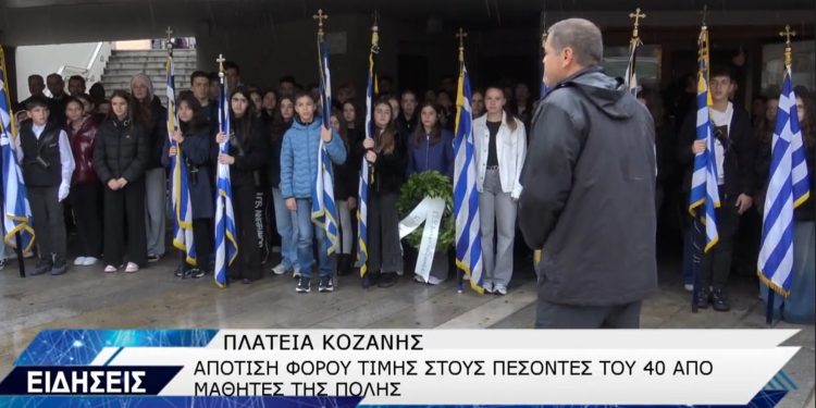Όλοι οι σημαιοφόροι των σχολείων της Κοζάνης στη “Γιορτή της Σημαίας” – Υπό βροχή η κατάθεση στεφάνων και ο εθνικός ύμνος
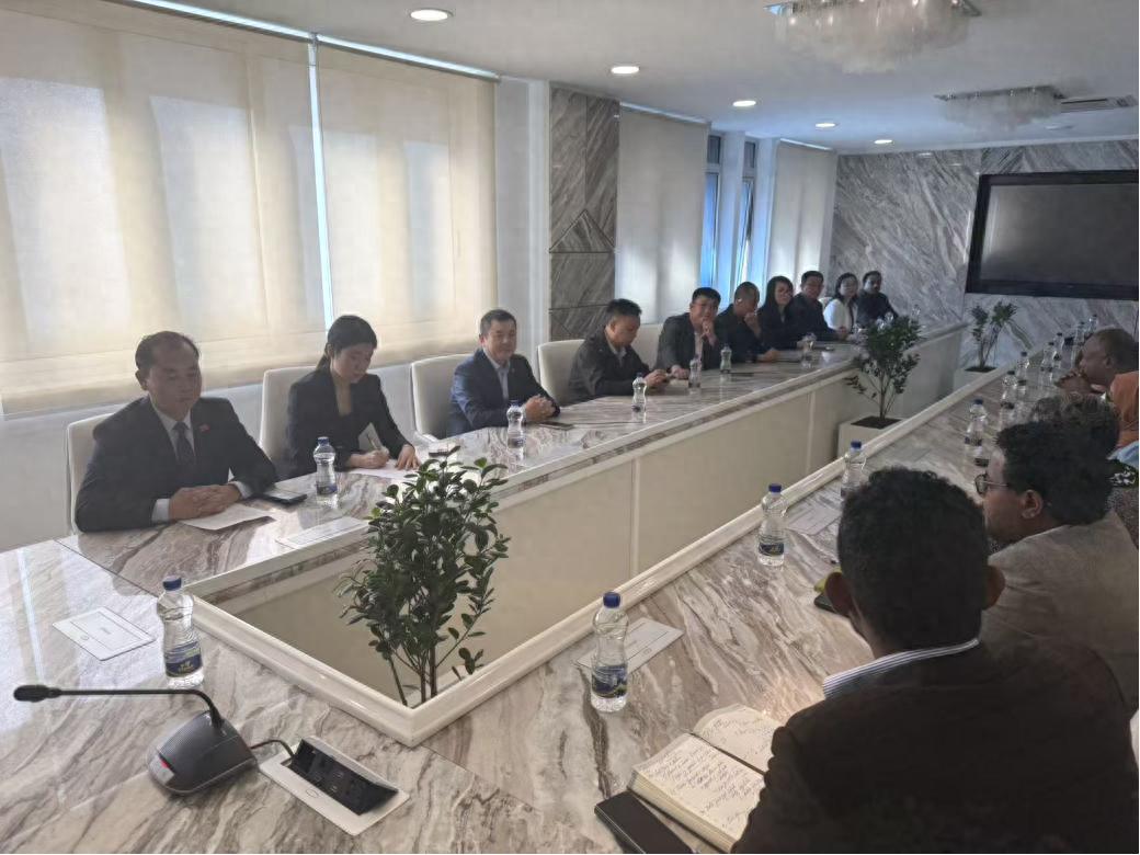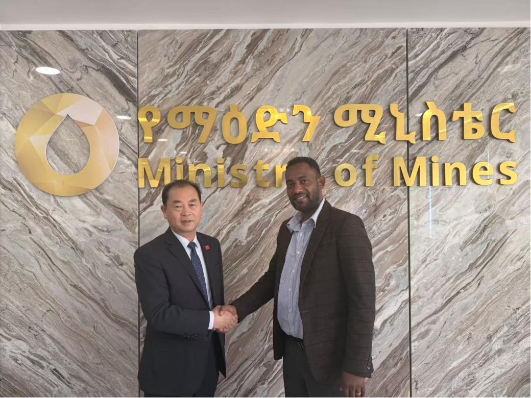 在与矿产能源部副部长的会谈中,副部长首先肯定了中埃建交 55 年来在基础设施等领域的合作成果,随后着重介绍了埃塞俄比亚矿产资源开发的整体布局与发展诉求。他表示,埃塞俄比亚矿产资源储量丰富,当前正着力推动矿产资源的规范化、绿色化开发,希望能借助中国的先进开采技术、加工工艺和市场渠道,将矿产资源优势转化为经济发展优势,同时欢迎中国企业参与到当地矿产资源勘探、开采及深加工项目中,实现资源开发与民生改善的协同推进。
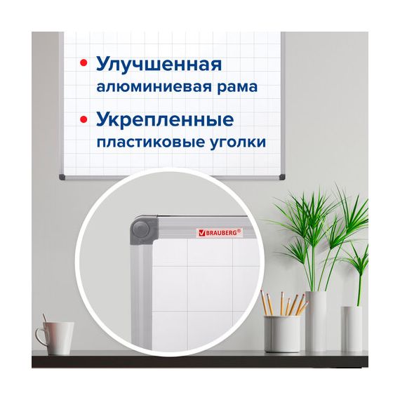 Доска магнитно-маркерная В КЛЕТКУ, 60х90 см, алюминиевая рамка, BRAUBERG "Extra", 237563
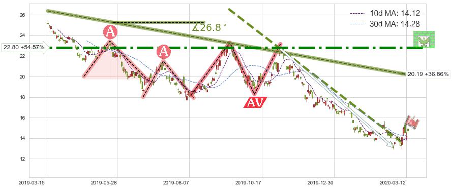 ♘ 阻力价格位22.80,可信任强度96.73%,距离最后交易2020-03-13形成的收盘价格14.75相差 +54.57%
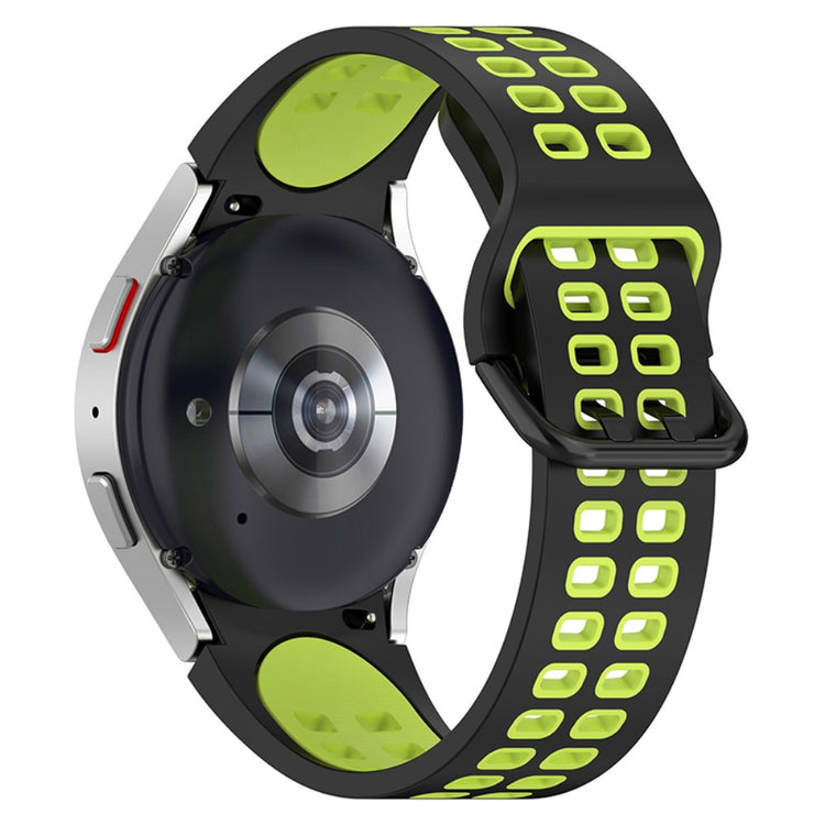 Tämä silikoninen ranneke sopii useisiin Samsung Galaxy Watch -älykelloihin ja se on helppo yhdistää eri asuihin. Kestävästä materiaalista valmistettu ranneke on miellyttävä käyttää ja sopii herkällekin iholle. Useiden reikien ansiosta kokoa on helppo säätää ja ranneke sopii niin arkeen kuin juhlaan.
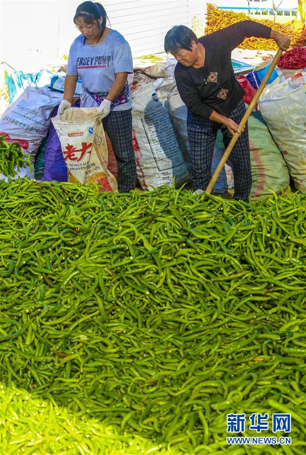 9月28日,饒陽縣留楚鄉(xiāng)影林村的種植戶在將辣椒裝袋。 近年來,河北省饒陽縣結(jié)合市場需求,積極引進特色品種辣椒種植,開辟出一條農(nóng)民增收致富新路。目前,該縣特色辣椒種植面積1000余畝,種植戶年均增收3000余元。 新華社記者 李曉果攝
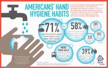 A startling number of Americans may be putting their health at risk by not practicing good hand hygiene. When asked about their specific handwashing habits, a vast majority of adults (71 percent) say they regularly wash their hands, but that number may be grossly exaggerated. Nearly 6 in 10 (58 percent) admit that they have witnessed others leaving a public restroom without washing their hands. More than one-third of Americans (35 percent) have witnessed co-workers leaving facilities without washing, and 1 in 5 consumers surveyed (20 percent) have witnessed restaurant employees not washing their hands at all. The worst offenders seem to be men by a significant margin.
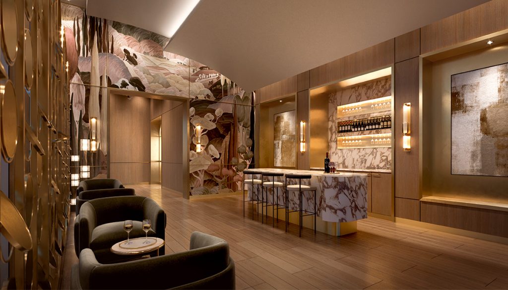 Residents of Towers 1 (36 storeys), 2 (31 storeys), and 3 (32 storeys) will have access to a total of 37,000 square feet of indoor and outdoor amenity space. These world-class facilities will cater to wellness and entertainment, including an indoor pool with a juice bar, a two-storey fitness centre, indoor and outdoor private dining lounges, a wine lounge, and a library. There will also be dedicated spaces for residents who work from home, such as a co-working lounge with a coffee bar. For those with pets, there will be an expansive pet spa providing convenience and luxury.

------------------------

▶ WHAT TO DO
Because the pictures are not wanted, retype only the text of every record, exactly as given.

▶ RESPONSE
Όλοι οι σημαιοφόροι των σχολείων της Κοζάνης στη “Γιορτή της Σημαίας” – Υπό βροχή η κατάθεση στεφάνων και ο εθνικός ύμνος
 在与矿产能源部副部长的会谈中,副部长首先肯定了中埃建交 55 年来在基础设施等领域的合作成果,随后着重介绍了埃塞俄比亚矿产资源开发的整体布局与发展诉求。他表示,埃塞俄比亚矿产资源储量丰富,当前正着力推动矿产资源的规范化、绿色化开发,希望能借助中国的先进开采技术、加工工艺和市场渠道,将矿产资源优势转化为经济发展优势,同时欢迎中国企业参与到当地矿产资源勘探、开采及深加工项目中,实现资源开发与民生改善的协同推进。
 Доска магнитно-маркерная В КЛЕТКУ, 60х90 см, алюминиевая рамка, BRAUBERG "Extra", 237563
 ♘ 阻力价格位22.80,可信任强度96.73%,距离最后交易2020-03-13形成的收盘价格14.75相差 +54.57%
 Tämä silikoninen ranneke sopii useisiin Samsung Galaxy Watch -älykelloihin ja se on helppo yhdistää eri asuihin. Kestävästä materiaalista valmistettu ranneke on miellyttävä käyttää ja sopii herkällekin iholle. Useiden reikien ansiosta kokoa on helppo säätää ja ranneke sopii niin arkeen kuin juhlaan.
 9月28日,饒陽縣留楚鄉(xiāng)影林村的種植戶在將辣椒裝袋。 近年來,河北省饒陽縣結(jié)合市場需求,積極引進特色品種辣椒種植,開辟出一條農(nóng)民增收致富新路。目前,該縣特色辣椒種植面積1000余畝,種植戶年均增收3000余元。 新華社記者 李曉果攝
 A startling number of Americans may be putting their health at risk by not practicing good hand hygiene. When asked about their specific handwashing habits, a vast majority of adults (71 percent) say they regularly wash their hands, but that number may be grossly exaggerated. Nearly 6 in 10 (58 percent) admit that they have witnessed others leaving a public restroom without washing their hands. More than one-third of Americans (35 percent) have witnessed co-workers leaving facilities without washing, and 1 in 5 consumers surveyed (20 percent) have witnessed restaurant employees not washing their hands at all. The worst offenders seem to be men by a significant margin.
 Residents of Towers 1 (36 storeys), 2 (31 storeys), and 3 (32 storeys) will have access to a total of 37,000 square feet of indoor and outdoor amenity space. These world-class facilities will cater to wellness and entertainment, including an indoor pool with a juice bar, a two-storey fitness centre, indoor and outdoor private dining lounges, a wine lounge, and a library. There will also be dedicated spaces for residents who work from home, such as a co-working lounge with a coffee bar. For those with pets, there will be an expansive pet spa providing convenience and luxury.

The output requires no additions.